We applied both models to a twin data set retrieved from the Finnish Twin Cohort study to investigate age-dependent genetic and environmental components of BMI. The details on collection of the data were described in previous publications for older (Kaprio and Koskenvuo 2002) and younger cohorts (Kaprio *et al.* 2002). In this analysis, we included 19,510 MZ and 27,312 DZ same-sex twin individuals together with the information on age at the measurement contributed to the CODATwins project (Silventoinen *et al.* 2015). The distributions of age at the measurement among the MZ and DZ twins were widespread from 11 years to 60 years as shown in Figure 3. We fitted the data set with a linear regression on sex and age before using the residuals from the regression as the phenotypes for the analysis of variance curves. The variance curves of the genetic and common environmental components estimated from the ACE(t) (with 5 interior knots for either component) and the ACE(t)-p models (with 8 interior knots for either component) are shown in Figure 4 and Figure 5. For the ACE(t)-p model, we included more knots to ensure they were sufficient and excessive knots were affected little in terms of AMSE. The 95% pointwise confidence bands were obtained by using the bootstrap method for the ACE(t) model and the MCMC method described in the *Appendix* for the ACE(t)-p model. The comparable results from both models suggested that the variance of the additive genetic component started from ∼2 at age 11 years and increased rapidly until age 35 years. After that, it leveled off for ∼10 years before growing again to nearly 15, except that the curve from the ACE(t)-p model had more fluctuations. In contrast, the variance of the common environmental component starting at ∼8 at age 11 years dropped markedly before age 20 years and became almost undetectable after that. The estimated variance of the unique environmental component was 2.25. In contrast, the ACE model using the OpenMX package (Boker *et al.* 2011) yielded estimates of 7.384, 0.000, and 2.265 for the A, C, and E components, respectively, while the AE model gave nearly the same estimates for the A and E components.

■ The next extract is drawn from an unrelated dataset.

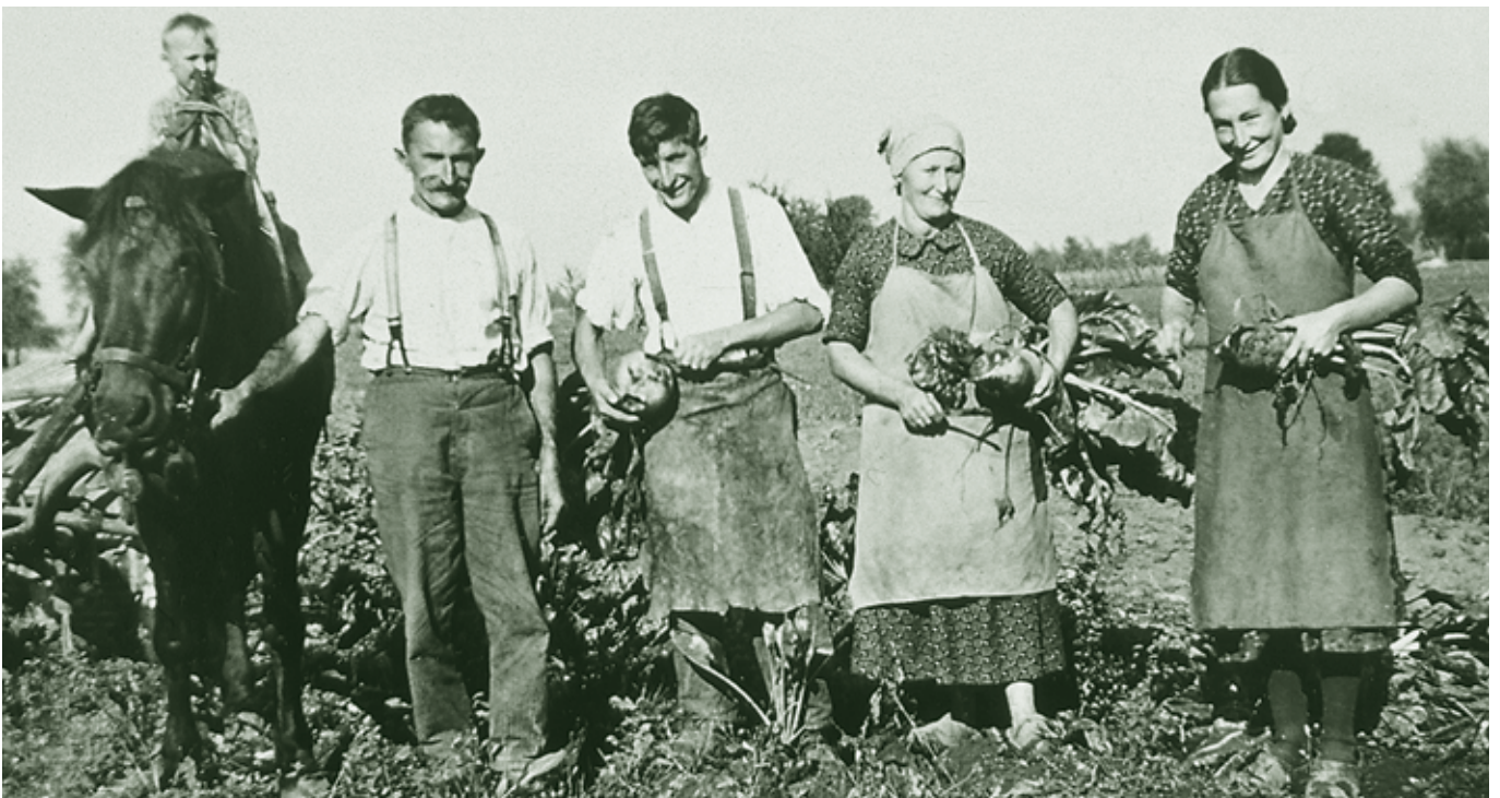
Rübenernte - 1930-er Jahre

Die „gewöhnlichen Leute“ waren froh, wenn eine Pfanne oder Schüssel voll mit diesen einfachen Gerichten auf dem Tisch stand. Die Mutter musterte in der Zeit der langen, dunklen Nächte sicher oft haushälterisch die Vorräte in der Mehltruhe, die Kalkeier in den Steinkrügen, den Topf mit Butterschmalz, den „agänzte Loab“ (angeschnitten Laib) in der großen Käse-Kiste, die Ablage der „Grumpora“ im Keller, die Sauerkrautstände, und die eingewinterten Stockrüben.

The results revealed that the common environmental factor almost vanished after age 20 years, but the growth of the additive genetic factor might be attributed to an increasing unique environmental variance that was assumed to be constant in the ACE(t) and ACE(t)-p models. Therefore, to verify whether a wrong model was used to fit the data after age 20 years, we employed the AE(t) and AE(t)-p models described in *Methods* to estimate the variance curves after age 20 years, where we allowed both A and E variance components to change. Consequently, as shown in Figure 6 and Figure 7, the variance of the A component leveled off and moderately fluctuated at ∼7.5 and climbed after age 50 years. In contrast, the variance of the E component initially standing at 2.25 grew almost linearly across the entire age interval. The AE(t) (with five interior knots for either component) and AE(t)-p (with eight interior knots for either component) models generated comparable results for the E component while AE(t)-p produced a more wavy and detailed curve for the A component probably because the number of knots in the AE(t) model was too small to catch the irregular and oscillating curve.

To further verify the periodic pattern of the A component after age 20 years, we performed stratified analyses with 5-year and 3-year intervals based on the AE model. The result based on the 5-year interval (Figure 8A) was very close to that from the AE(t) model (*i.e.*, the B-spline model) and the result based on the 3-year interval (Figure 8B) was more similar to that from the AE(t)-p model (*i.e.*, the P-spline model), which showed more periodic fluctuations. Smaller age intervals offered a refined picture but resulted in larger estimation uncertainty.

## Discussion

In this work, we have proposed two novel twin models to explore dynamic behavior of the variance components over age or time. The estimated variance functions can be utilized to calculate the age-specific heritability. The results of our BMI study demonstrate that the proposed models provide a more detailed dynamic profile of the A, C, and E variance components than the classical twin models. These models are more flexible than the parametric models (Purcell 2002) as they do not require a prespecified assumption of the function form. Compared to LOSEM, which is an exploratory method and the results of which are heavily dependent on the selection of the width of a weighting distribution (Briley *et al.* 2015), the proposed models based on P-splines are more adaptive to data and straightforward for model comparison using likelihood-ratio tests.

The ACE(t)-p model is more stable than the ACE(t) model in the sense that it is less sensitive to the number of knots. This amounts to the problem in stratification analyses, that is, how to choose age intervals. The ACE(t)-p model solves this issue by penalizing the smoothness to select the best model. Moreover, the simulation results suggest that the ACE(t)-p model has the advantage of providing better estimates in terms of AMSE; however, the benefit comes from the price of more computational intensity with the same number of knots. It is evident from the simulation study that adding excessive knots in the ACE(t) model worsens the performance for smooth functions. The ACE(t)-p model also performs better with fewer knots provided the number of knots is sufficient but its performance is less affected than that of the ACE(t) model. Thus, assuming that the variance components rarely change drastically within a short period of time, a preferable strategy is to use the ACE(t)-p model and to choose a moderate number of knots [a number of 10 for each component seems enough based on our simulation, although 35-40 is almost adequate for all smooth functions (Ruppert 2002)] to ensure that the model can sufficiently capture the dynamic behavior and in the meantime does not substantially lose performance or increase computational intensity.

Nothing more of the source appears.